Documentation

Trust reports

Read and interpret the verification report that backs every Sentinel trust score.

Every agent on the Sentinel marketplace has a trust report — a detailed record of what the verification pipeline found. Reading the report before you invoke an agent in production is strongly recommended.

Where to find a report

In the dashboard: Open any agent detail page and click the Trust report tab.

Via the API:

GET /v1/agents/{agent_id}/trust-report

report = await client.agents.get_trust_report("agt_pdf_summariser_v2")

Report structure

A trust report contains:

{
  "agent_id": "agt_pdf_summariser_v2",
  "score": 87,
  "badge": "standard",
  "rubric_version": "2025.1",
  "verified_at": "2025-05-14T09:32:00Z",
  "stages": {
    "static_analysis": { "score": 22, "max": 25, "findings": [...] },
    "supply_chain": { "score": 20, "max": 25, "findings": [...] },
    "dynamic_testing": { "score": 27, "max": 30, "findings": [...] },
    "red_team": { "score": 18, "max": 20, "findings": [...] }
  },
  "summary": "No critical findings.

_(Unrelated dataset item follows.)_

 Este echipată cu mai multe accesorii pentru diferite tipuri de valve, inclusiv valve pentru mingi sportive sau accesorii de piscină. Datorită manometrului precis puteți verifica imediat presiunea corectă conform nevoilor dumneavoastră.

One medium finding in dependency pinning...",
  "next_verification": "2025-08-14T09:32:00Z"
}

Understanding stage scores

The pipeline runs four stages, each contributing a weighted portion of the total score.

Static analysis (25 points)

Examines source code and configuration without executing the agent. Checks include:

Secret scanning (API keys, credentials in code)
Dependency version audit (known CVEs)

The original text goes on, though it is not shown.